Довольный, что в точности вспомнил заданную ему речь, Виид смотрел на освещенного пламенем, вставшего пред ним воителя. Икарий спрятал лицо в ладонях, будто ребенок, верящий — невидимое не существует.
Икарий плачет, наконец понял он.
"Хорошо. Даже он. Даже он будет питаться собственными страданиями, превращая их в соблазнительный нектар, в сладкий опий самоуничижения и боли.
Так пропадают сомнение и недоверие.
Ибо от них нельзя ждать утешения".
Брызнул холодный дождь, вдалеке пробурчал гром. Скоро их накроет буря. — Я хорошо отдохнул, — начал вставать Таралек. — Нас ожидает далекий переход…
— Не нужно, — сказал Икарий, не открывая лица.
— Что ты…
— Море. Оно полно ладей.
Всадник появился с холмов вскоре после нападения. Баратол Мекхар — его толстые, покрытые шрамами и пятнами руки обагрены кровью — встал над телом внимательно осмотренного им мертвого демона. Воин был в доспехах и шлеме. Он высоко поднял секиру.
Со дня визита Т'лан Имассов прошли месяцы — он думал, что они давно ушли, ушли даже до того, как сошел с ума старый Кулат. Он не мог вообразить — да и кто бы мог? — что все это время устрашающие немертвые твари таились рядом с ними.

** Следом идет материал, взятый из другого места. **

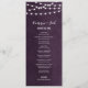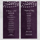 Modelo do programa de cerimônia de núpcias modernas de verão com simples e elegantes lanternas luminosas brilhantes penduradas no topo em um plano de textura de cor d'água falso impresso. Um design de pré-disquete simples e na moda, perfeito para o verão! Clique no botão PERSONALIZAR TI para personalizar texto e fontes, mover texto e criar o seu único design de um tipo de programa de casamento.

Они вырезали группу странников. Засада была так ловко устроена, что Баратол даже не сразу понял, что происходит. Потом было уже поздно. Джелим и Филиад вдруг ворвались в кузницу, вопя об убийствах прямо у деревни. Он подхватил оружие и поспешил за ними на западную дорогу — лишь чтобы понять, что враги выполнили свой план и скрылись. Вдоль тракта валялись умирающие кони, неподвижные тела лежали, как будто упали с неба.
Послав Филиада за старухой Нуллис, кое-как умевшей исцелять, Баратол вернулся в кузню и надел кольчугу, шлем — что заняло немало времени. Т'лан Имассы, подозревал он, действуют тщательно. "У нас еще хватит времени, чтобы убедиться: все жертвы уничтожены". Увы, старая Нуллис не сможет помочь несчастным.
Однако вернувшись за дорогу, он обнаружил, что дряхлая семкийка выкрикивает приказы Филиаду. Она склонилась над телом мужчины. Ускорившему шаг Баратолу показалось, что старуха влезает руками прямо в его тело. Руки двигались, как будто целительница месила тесто. Но глаза ее не отрывались от лежавшей рядом женщины. Та стонала, дергая ногами, прочерчивая борозды в пыли. Вокруг ее тела растеклась лужа крови.
Нуллис заметила его, подозвала. Баратол увидел, что у мужчины выпущены кишки. Старуха запихивала их обратно. — Ради милостей Худа, женщина, — прорычал он, — оставь его. С ним покончено. Ты набиваешь грязь в полость живота…
— Кипяток на подходе, — отрезала она. — Я хочу промыть. — Потом она кивнула в сторону молодой женщины: — У этой рана на плече. И еще она рожает.
— Рожает! О боги. Слушай, Нуллис, кипяток не поможет — или ты решила сделать суп из его печени?
— Иди к дурацкой наковальне, безголовая обезьяна! Это чистая рана — я видела, как кабаны рвут плоть клыками, там было гораздо хуже…
— Может, вначале она была чистая…
— Я сказала, что промою! Мы же не понесем его с кишками, волочащимися по земле?
Баратол смущенно озирался. Ему хотелось кого-нибудь убить. Весьма понятное желание… но он понимал — убивать некого, и это здорово портило настроение. Кузнец пошел к третьему телу. Старый мужчина, в татуировках, безрукий. Т'лан Имассы изрубили его почти что в куски. "Ясно. Он был целью. Прочие стояли на пути. Им было все равно, мертвы они или еще живы". А вот этот бедняга так мертв, как только возможно.